I felt the energy rise in me. I was overflowing with language inside and I just knew that when Grandfather arrived he would hear my cry. Suddenly, a loud hand rapped upon the door. My Mother was startled, but proceeded towards the sound. Each fraction of a second that passed as the door was opening seemed extended and viscous, like chewing gum was between the door and its hinges. In a flash I burst into gut-laughs of joy. My Grandfather walked towards me and said with a smile, "What have we got here? Presents for Elana!" He sounded so excited, but as he pulled them out to show me the brightly colored boxes, I lost my joyful laughs and began yelling. No one knew why I had reacted so, and my parents began to placate me with things to grab and a place to sit. I could not yell anymore. All thundering of anger and joy in me had dissipated. I was left surrounded by loved ones, yet very alone. But, I did not lose all my hope.

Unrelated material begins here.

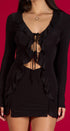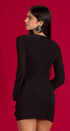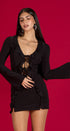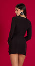 Mini vestido, color negro, con vuelos en el frente, manga larga, mangas, con campana, Tela de poliéster?? strech ideal para una ocasión especial
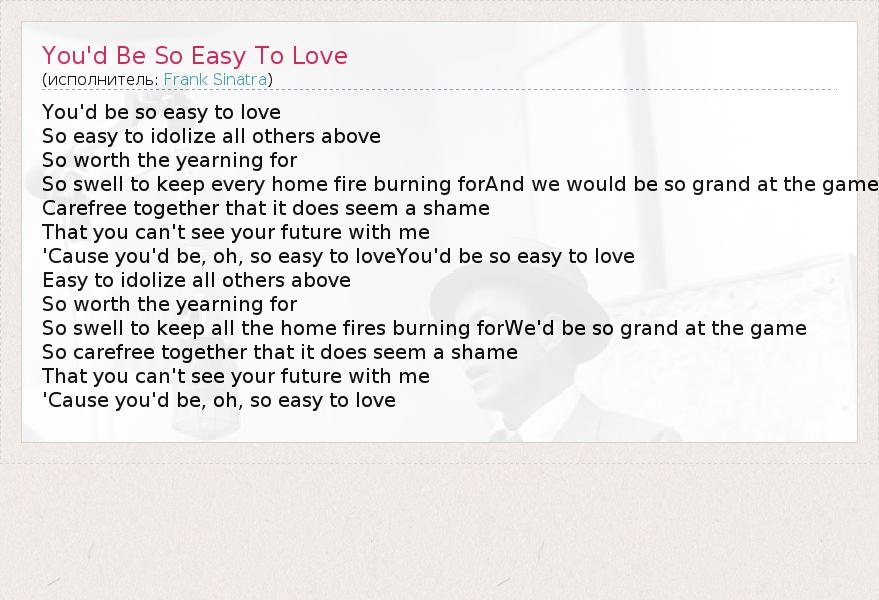 ГлавнаяИсполнителиFrank SinatraYou'd Be So Easy To Love

That night as my Mother lay by me, rubbing my hair to ease me into sleep, I couldn't help but imagine my beautiful horse friend. "Maybe they were saving that gift for the morning." I thought, "Maybe Grandfather was keeping him outside in a horse truck, or something. Or, maybe he's at a special arena I can go to anytime I want and play with him. Maybe...".
I fell asleep late that night, and woke up quite early, waiting patiently for everyone to rise. I stood by my parents bedside and felt them wake because of my anxiousness. When Granddad awoke I greeted him with a loving smile, in hopes to redeem myself of the night before. I didn't want him to change his mind and not bring to me the horse.

We all went to where the presents lay, and I sat quietly, gripping some ribbon, hoping with all my faith that my wishes would be granted today. But, present after present was opened, until finally my Dad said, "Time for breakfast, guys!" It hit me so deeply. I knew no one, not even my Grandfather, had heard my cry. All I had gotten that year was in boxes.

I was alone. But not completely. Days, weeks, months, even years went by. But, I kept on dreaming about the horse. One day my Mother came to me and asked me if I wanted to take riding lessons. I squealed and yelled with such joy, the sound of my feet jumping and my voice projecting could've been heard to the moon! Someone had finally heard my cry. Now, I go riding with many horses every Monday. And, let me tell you, horses can hear everything.